GIVEN DATA START
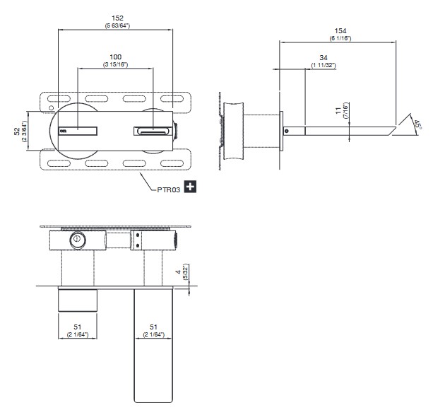 CEA BAR Bateria umywalkowa ścienna element zewnętrzny Satin Stainless Steel BAR16S
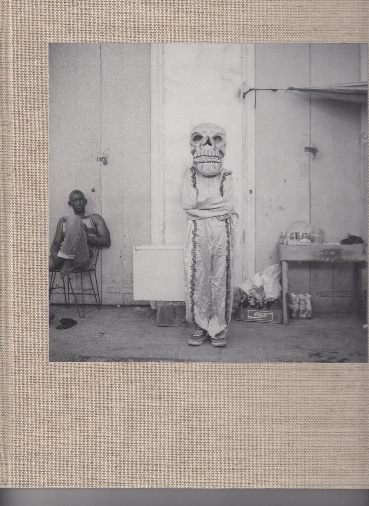 Leah Gordon has been photographing Jacmel Carnival and recording oral histories with its participants since 1995. Her photographs in ‘Kanaval’ are stripped of kinesis and exuberance. She uses a sixty-year-old Rolleicord medium-format twin-lens-reflex camera, and shoots onto black and white negative film. A consensual reciprocity between the photographer and the sitter arises which leaves behind the commotion of the street and enters the more tranquil territory of a portrait studio.
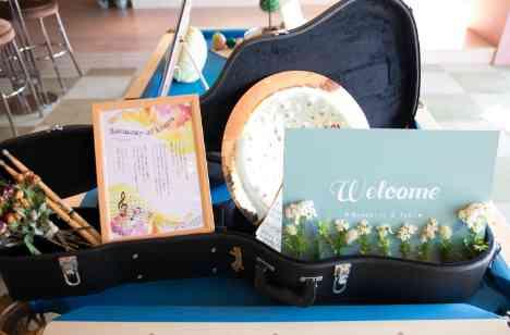 ウエルカムルームでは1人1人に手紙を用意し、それを見るだけで泣いてくれる友人も! ウエルカムディスプレイは、おふたりからのメッセージやギターケースでコーディネート。プランナーの「コンセプトボード」も一緒に。
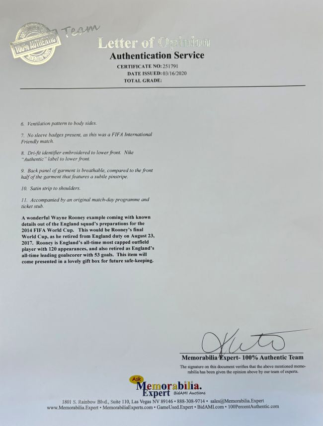 Featured is a Wayne Rooney game used 2014 England Nike soccer jersey. This jersey has been worn and used by Rooney and comes with the Memorabilia Experts Letter of Opinion. This jersey has been matched to 5/30/2014 when England defeated Peru 3-0 at Wembley Stadium. Jersey size is L. This jersey would make a great addition to any sports memorabilia collection!.
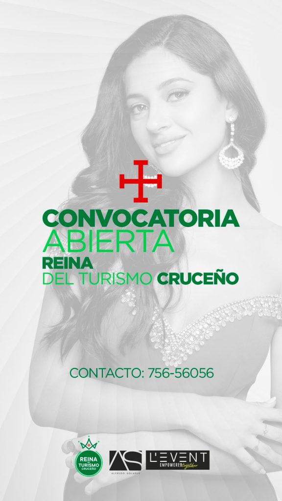 Priimera versión del Reinado del Turismo Cruceño. Con el fin de crear una mayor promoción de nuestros destinos, además de nuestra cultura, música, artistas, artesanos, tradiciones y gastronomía a lo largo del año, es que se busca una reina que realce y dé voz a la industria del turismo cruceño que tanto lo necesita. La convocatoria continúa abierta para señoritas entre 17 y 25 años, que deseen formar del selecto grupo de candidatas. La fecha de presentación oficial será el jueves 26 de agosto, mientras que la final se tiene fijada para el jueves 11 de septiembre. Viajes y visitas a lugares turísticos. Además de actividades deportivas, solidarias y una noche de títulos previos especiales forman parte del calendario tras la corona. La primera versión del Reinado del Turismo Cruceño, promete un contenido especial para los medios, redes sociales y también el público asistente a cada una de las actividades. *Contacto:*Alfredo Solares 75656056
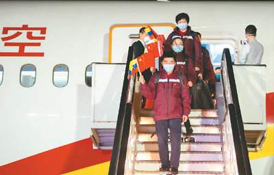 3月30日,在委内瑞拉首都加拉加斯西蒙·玻利瓦尔国际机场,中国抗疫医疗专家组全体成员走下专机。专家组由国家卫生健康委员会组建,来自江苏省,共8人。他们将分享中国抗疫经验。 萨尔戈多摄(新华社发)
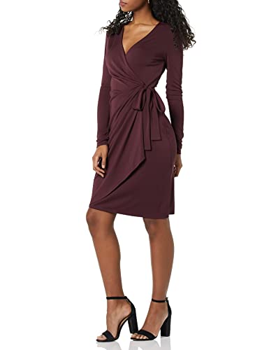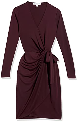 Amazon Essentials Abito Classico Avvolgente a Maniche Lunghe (Taglie Forti Disponibili) Donna, Bordeaux, XS
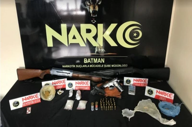 Batman Emniyet Müdürlüğü Narkotik Suçlarla Mücadele Şube Müdürlüğü ekiplerince torbacılık yöntemi ile uyuşturucu madde ticareti yaparak toplum sağlığına ve toplumsal huzura zarar veren şahıslara yönelik başlatılan planlı çalışmalar aralıksız sürüyor. Uyuşturucu madde ticaretine karıştıkları tespit edilen şüpheli şahısların yakalanması ve suç unsurlarının ele geçirilmesi amacıyla Batman’da 5 ayrı adrese eşzamanlı operasyon düzenlendi. Yapılan operasyonlarda, 140 gram metamfetamin maddesi, 37,63 gram sentetik kannabinoid maddesi, 31,75 gram eroin maddesi, 5 hap, 3 ruhsatsız tabanca, 35 tabanca fişeği, 2 ruhsatsız av tüfeği, 2 kartuş, 1 hassas terazi ele geçirildi. Konu ile ilgili gözaltına alınan 5 şüpheli şahıstan 1’nin suçu kapsamında kesinleşmiş 15 yıl hapis cezası olduğu ortaya çıktı.
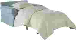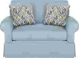 The Provincetown sleeper chairs sumptuously oversized seat makes it a comfortable addition to your home. Its covered in woven upholstery in a wonderful sky blue that features a linen-style weave for softness and durability. The transitional design features a large reversible T-style back cushion, a reversible seat cushion, welted seams, and a crisp skirted base. If you have an overnight guest, its easy to pull out the twin-sized Sealy Royale mattress for a comfortable place to sleep. Included accent pillows add a lovely pop of complementing colors. 100% Polyester
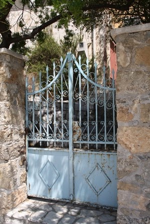 Mekin käytämme hyvän tovin tutkailemalla aitojen takaa suurehkoa, hyväkuntoista taloa, joka on myynnissä. Siinä olisi ihana, villiintymässä oleva puutarha: pari oliivipuuta, useita granaattiomenia sekä todella vanha viiniköynnös ainakin rungon paksuudesta pääteltynä. Rantaan olisi täältä hiukan liian pitkä matka, mutta loiskiiko lähellä joku uima-altaassa? Toisaalta niillekin taisi langeta juuri ylellisyysvero.
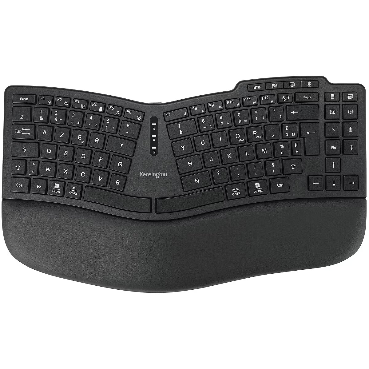 LongDesc - For professionals wanting to reduce the fatigue associated with spending long hours typing each day, the Pro Fit® Ergo KB675 EQ TKL Rechargeable Keyboard supports all-day comfort and productivity with style. The sculpted ergonomic design and curved key layout promotes proper hand and wrist posture, accommodating the natural contour of your hands to provide a more comfortable and productive typing experience. Performance-enhancing features include multiple connectivity options, government-grade encryption security, universal compatibility, and a long-lasting rechargeable battery. Complementing a modern workspace, the Pro Fit® Ergo KB675 EQ TKL Rechargeable Keyboard is an ideal choice for professionals seeking to elevate their typing experience with style, comfort, and performance.Ergonomic DesignThe thoughtfully designed compact curved key layout, built-in wrist pad, and front keyboard legs support optimal hand and wrist positioning for all-day ergonomic comfort and productivity.Multiple Connection OptionsSupports up to three devices—two via Bluetooth® connections and one via the 2.4GHz USB receiver with 128-bit AES government-grade encryption security for a reliable connection up to 10m away. Windows and macOS compatible.Swift Pair TechnologyEnhanced Bluetooth® connection technology designed to reduce pairing hassles and simplify connections for Windows devices.Productivity Enhancing Keys and LightsVideo conferencing keys support efficient meeting transitions. Vibrant RGB indicators allow you to easily monitor your connection status, caps lock, and battery life.Long-Lasting PowerThe built-in 500mAh rechargeable battery includes a convenient USB-C® charging port and cable for uninterrupted productivity.Customizable KeysCustomize your experience by programming keys, creating macros, adjusting key mappings, managing profiles, and more with the optional Kensington Konnect™ software.Sustainability AttributeThe plastic in this product contains 43% post-consumer recycled (PCR) content.
GIVEN DATA END
Each line, from the beginning of the listing to the line bearing "ウエルカムルームでは1人1人" inclusive, should be copied exactly; the pictures stay out.

— EXERCISE RESULT —
 CEA BAR Bateria umywalkowa ścienna element zewnętrzny Satin Stainless Steel BAR16S
 Leah Gordon has been photographing Jacmel Carnival and recording oral histories with its participants since 1995. Her photographs in ‘Kanaval’ are stripped of kinesis and exuberance. She uses a sixty-year-old Rolleicord medium-format twin-lens-reflex camera, and shoots onto black and white negative film. A consensual reciprocity between the photographer and the sitter arises which leaves behind the commotion of the street and enters the more tranquil territory of a portrait studio.
 ウエルカムルームでは1人1人に手紙を用意し、それを見るだけで泣いてくれる友人も! ウエルカムディスプレイは、おふたりからのメッセージやギターケースでコーディネート。プランナーの「コンセプトボード」も一緒に。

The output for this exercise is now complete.